De rechter schrijft dat het „aannemelijk” is dat er „een risico bestaat op genocide en ernstige schendingen van de mensenrechten”. Maar het is „in beginsel” niet aan het hof „om aan de Staat voor te schrijven welke maatregelen genomen moeten worden om dat tegen te gaan”. In dat oordeel neemt de rechter ook mee dat Nederland reeds een aantal maatregelen heeft genomen.
Nederlandse honden
Al-Haq vroeg onder meer de export van Nederlandse wapens naar Israël te verbieden. De rechter wijst erop dat al geen vergunning wordt verleent aan wapenuitvoer „als het risico bestaat” dat wapens „in Gaza zullen worden ingezet”. Over de inzet van Nederlandse honden door het Israëlische leger, zegt de rechter dat dit enkel via een wetswijziging kan worden verboden.

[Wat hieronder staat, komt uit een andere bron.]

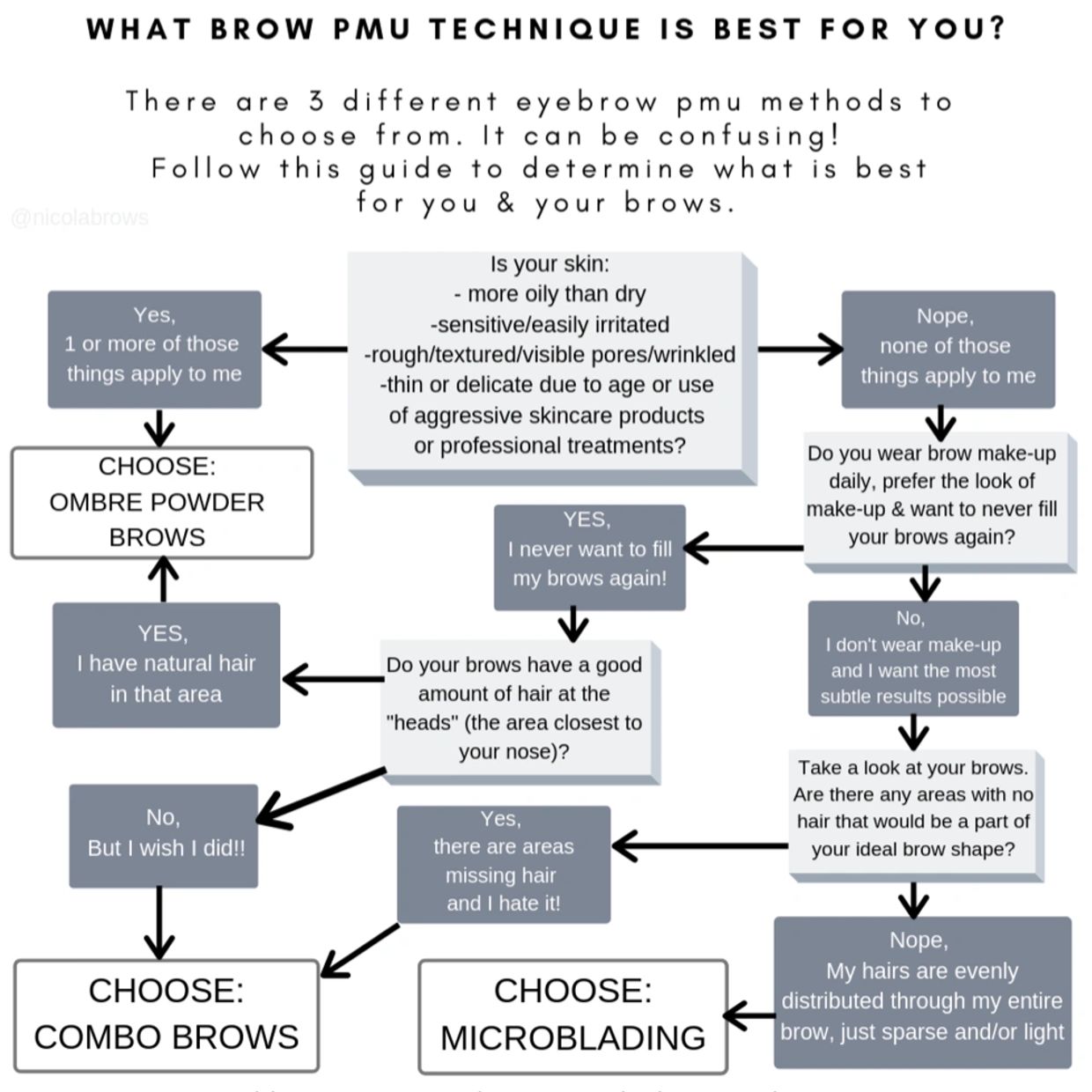 The following diagram is extremely useful in helping determine which brow technique and style is best suited for your skin and brows. Unfortunately, not all skin types are suited for all of the techniques.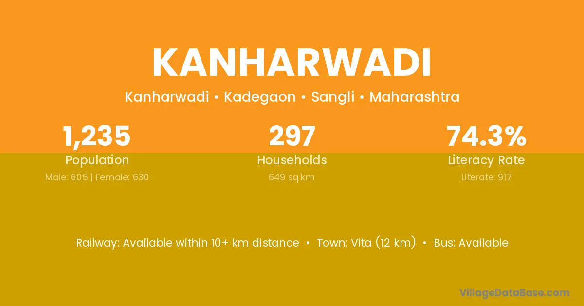 Vita (42 km) is the nearest town to Kanharwadi village for major economic activities and is located approximately 42 km away.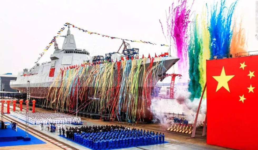 海军新型驱逐舰首舰下水仪式今天上午在上海江南造船(集团)有限责任公司举行。中央军委委员、军委装备发展部部长张又侠出席下水仪式并致辞。上午9时许,仪式开始,随着仪式现场全体人员齐声高唱的国歌声,鲜艳的五星红旗冉冉升起。剪彩后进行了“掷瓶礼”,一瓶香槟酒在舰艏摔碎,绚丽的彩带从两舷喷射而出,新型驱逐舰鸣响汽笛,全场响起热烈掌声。随后,驱逐舰在拖曳牵引下缓缓移上浮箱后下水。该型舰是我国完全自主研制的新型万吨级驱逐舰,先后突破了大型舰艇总体设计、信息集成、总装建造等一系列关键技术,装备有新型防空、反导、反舰、反潜武器,具有较强的信息感知、防空反导和对海打击能力,是海军实现战略转型发展的标志性战舰。该舰下水标志着我国驱逐舰发展迈上了一个新的台阶,对于完善海军装备体系结构、建设强大的现代化海军、实现中国梦强军梦具有重要意义。下一步该舰将按计划开展设备调试、系泊航行试验。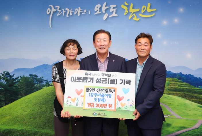 이에 조근제 함안군수는 “강주마을 주민들이 어려운 이웃을 위해 나눔을 실천해 주셔서 감사하다”며 “성금은 도움이 필요한 저소득계층에게 잘 전달하겠다”고 말했다.
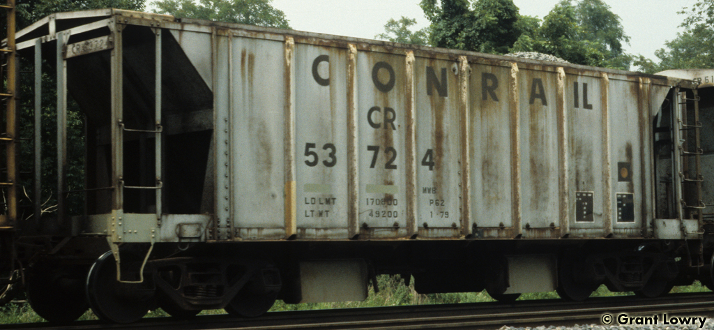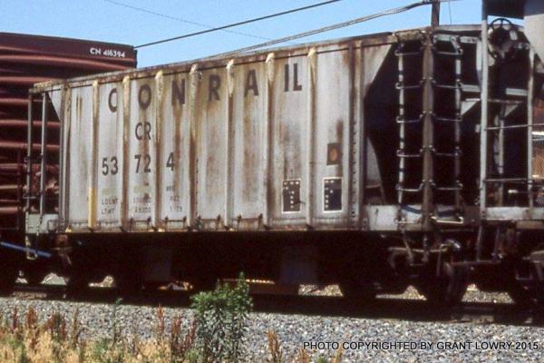 Conrail 53724 is seen at Palmyra, PA. Car is ex LV 50516 blt 6-53 rebuilt 1-79.
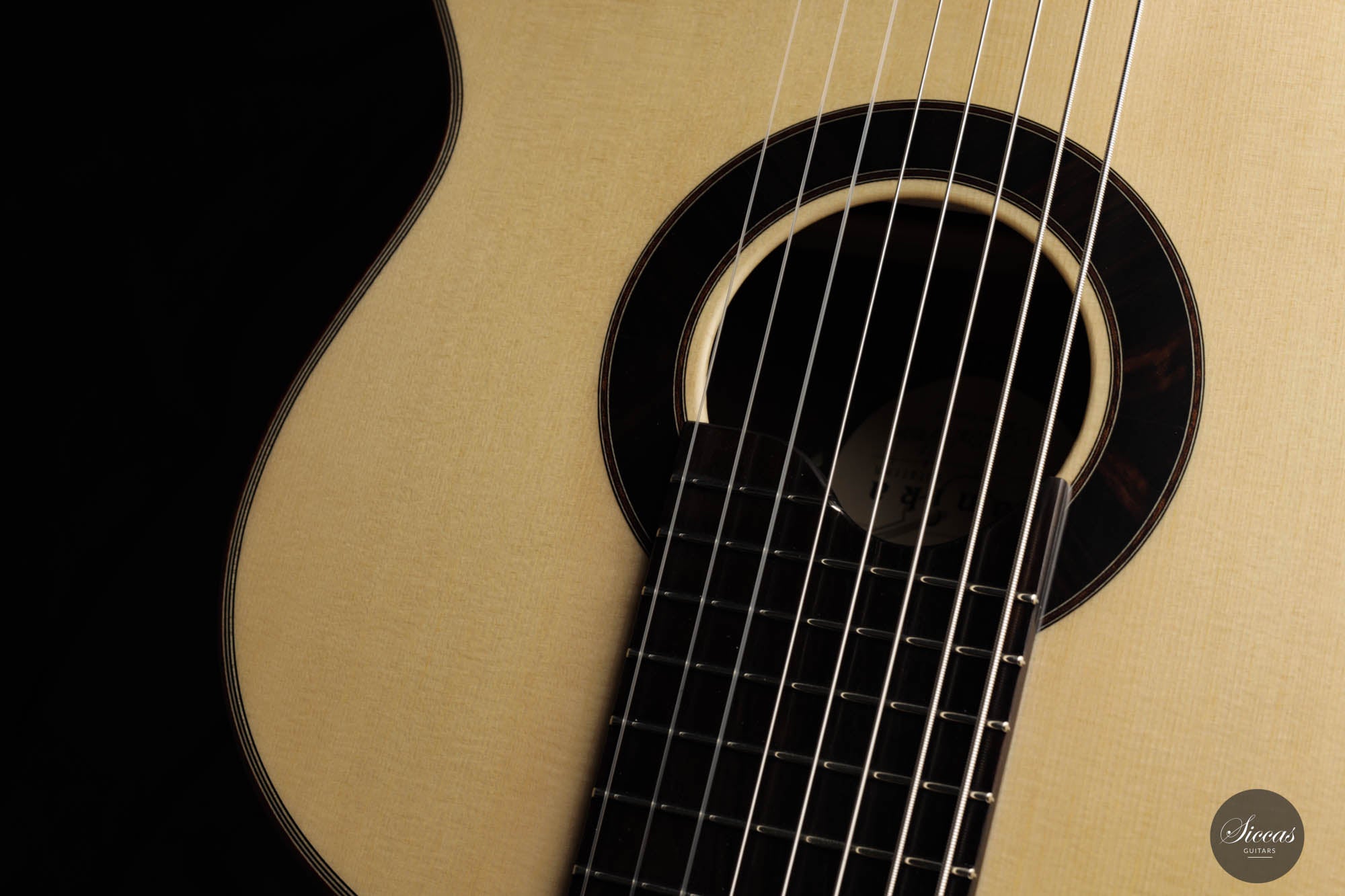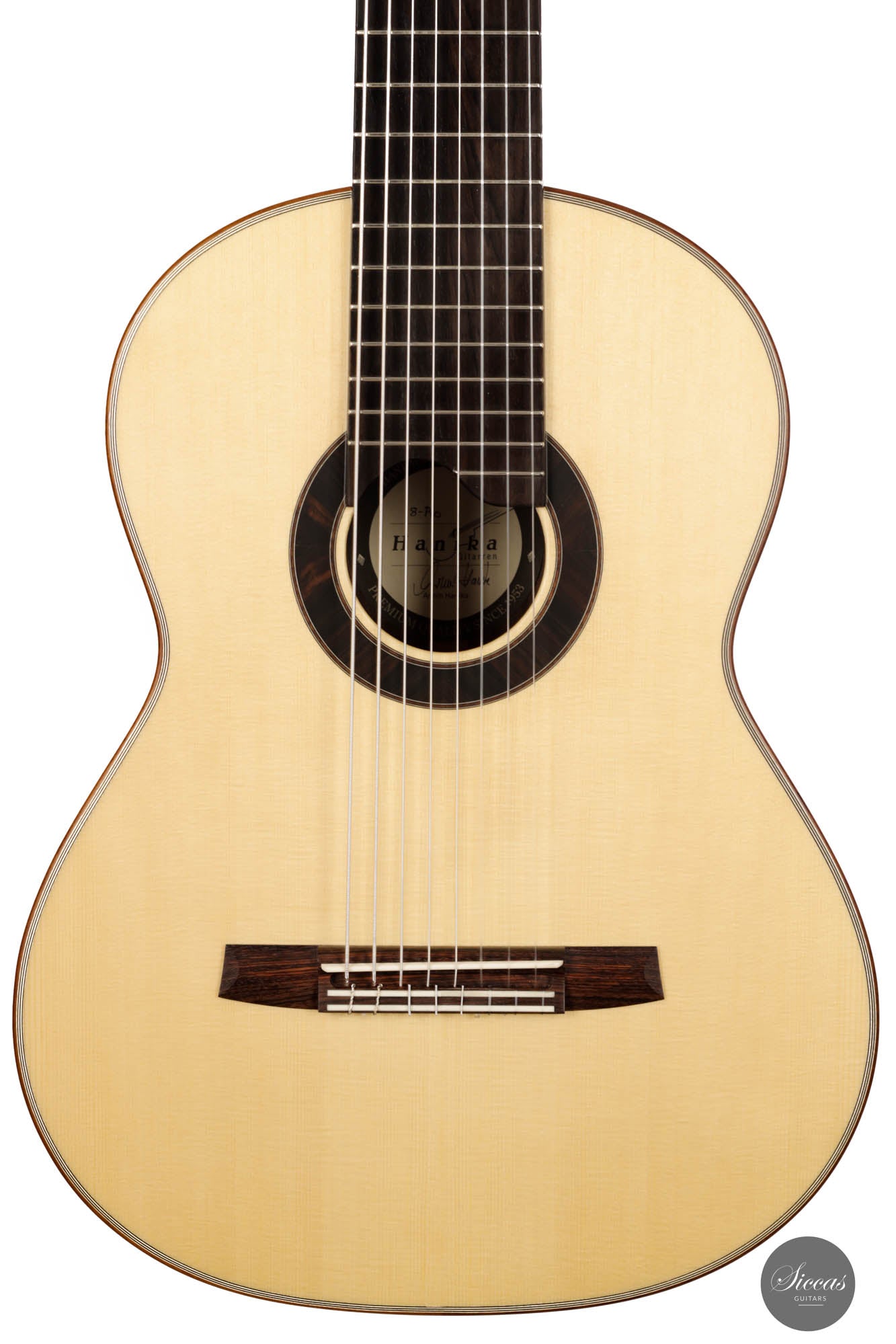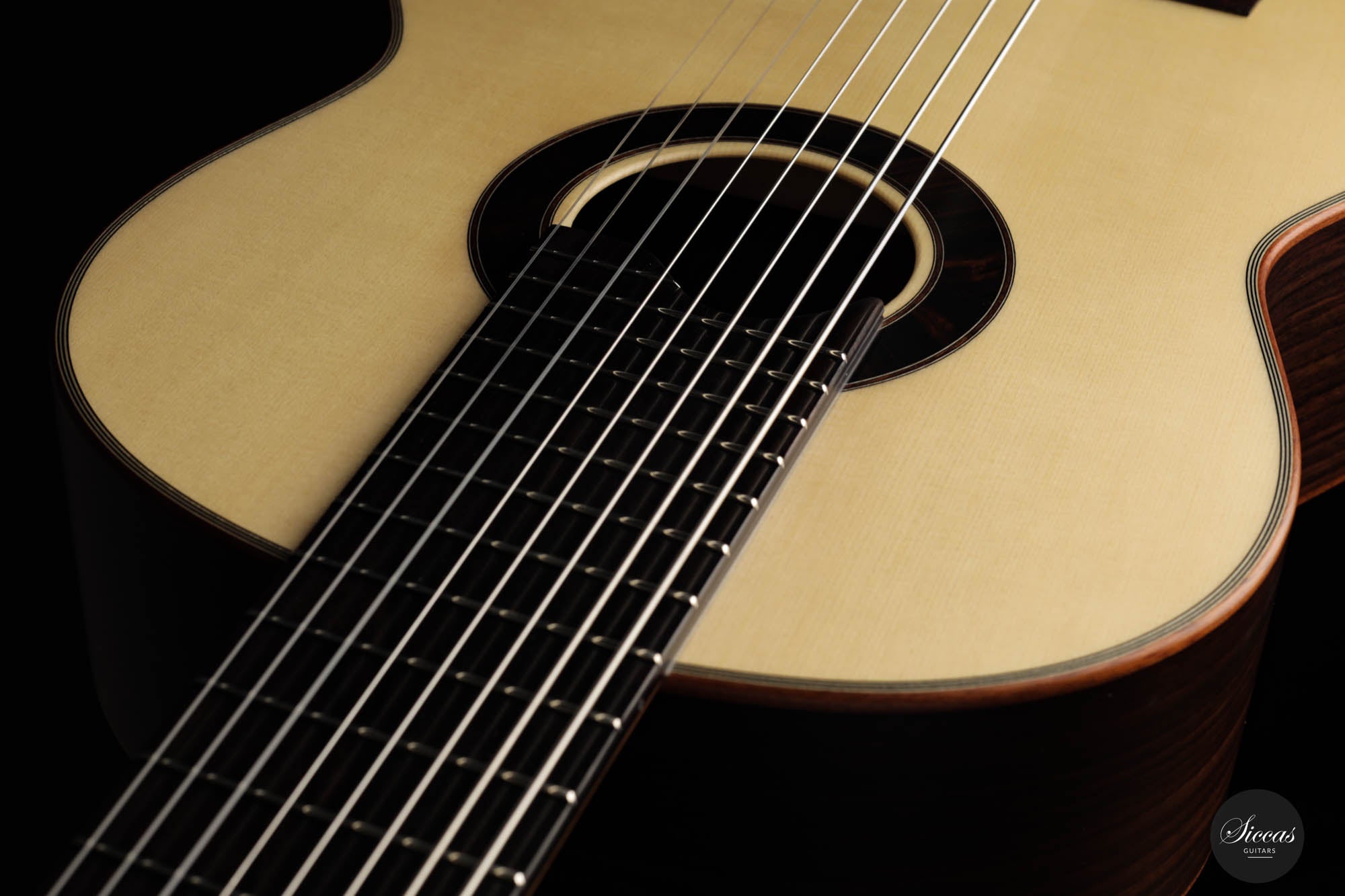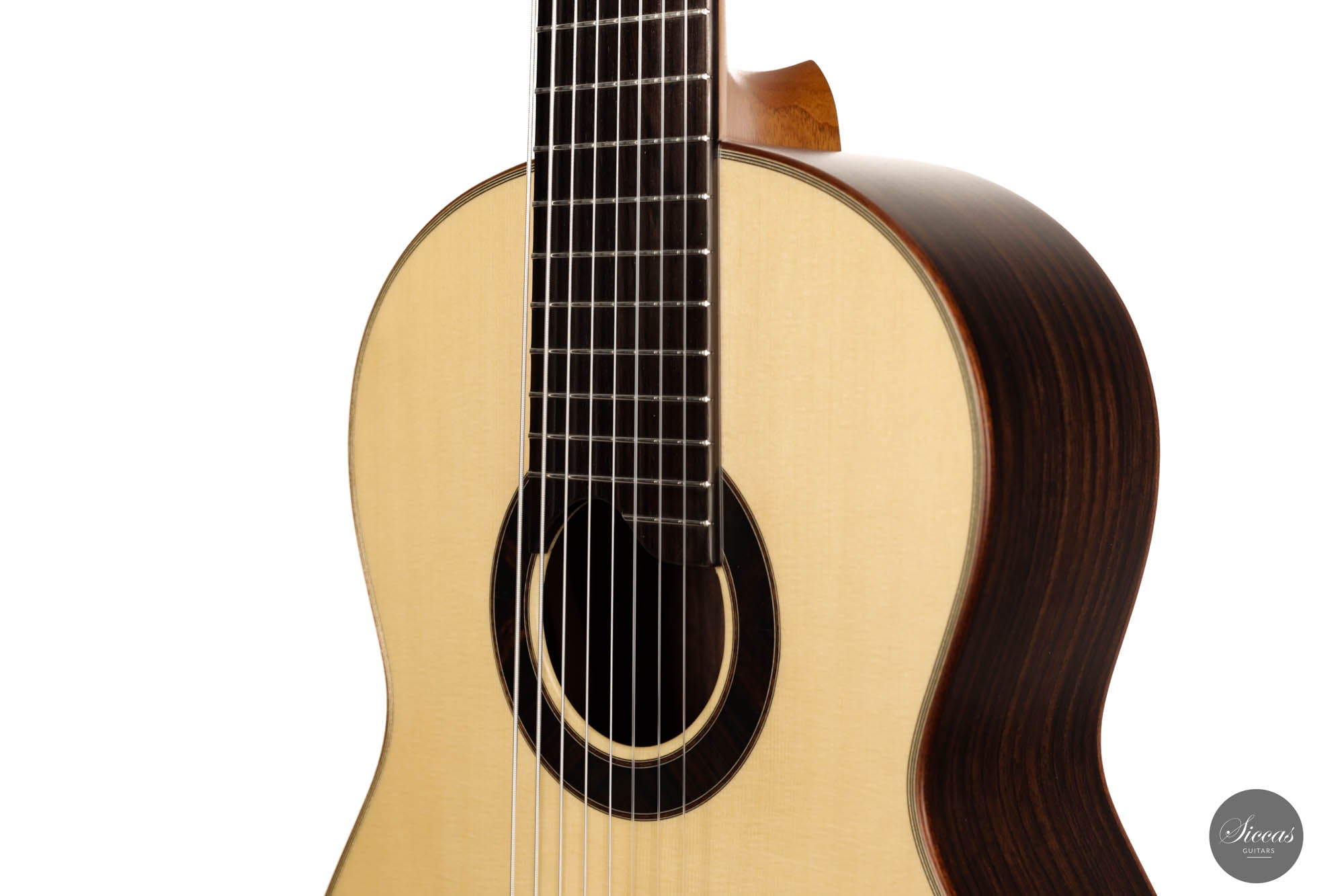 The Hanika 8-Pro stands as a concert instrument of remarkable refinement, built from East Indian rosewood and a fine spruce top to deliver a powerful attack, full resonance and clarity. Its extended eight-string design expands the tonal range with deep, resonant basses, while the slightly narrowed string spacing ensures comfortable playability. A matte lacquered surface with closed pores enhances both projection and elegance, and the dome-shaped top with 7-fold Torres bracing supports tonal richness and stability. With Rubner tuners, reinforced Cedro neck and Grenadilla fittings, the 8-Pro offers a precise, versatile sound for ambitious repertoire.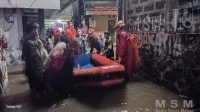 Dramatis! Damkar Evakuasi Anak-anak dan Lansia di Pasar Rebo Pakai Perahu Karet

„De rechter is niet bevoegd de regering opdracht te geven zo’n wijziging door te voeren.” Ook is er „onvoldoende reden” om de staat te dwingen op te treden tegen bedrijven die handel drijven met Israël gericht op illegale nederzettingen op de door dat land bezette Westelijke Jordaanoever.
Lees ook
Nederland heeft de wapenexport naar Israël fors ingeperkt – maar nog niet genoeg, zeggen tien organisaties


/s3/static.nrc.nl/wp-content/uploads/2025/11/06135026/061125BIN_2021915582_taghi.jpg)
/s3/static.nrc.nl/wp-content/uploads/2025/11/06134758/061125BUI_2022388712_1.jpg)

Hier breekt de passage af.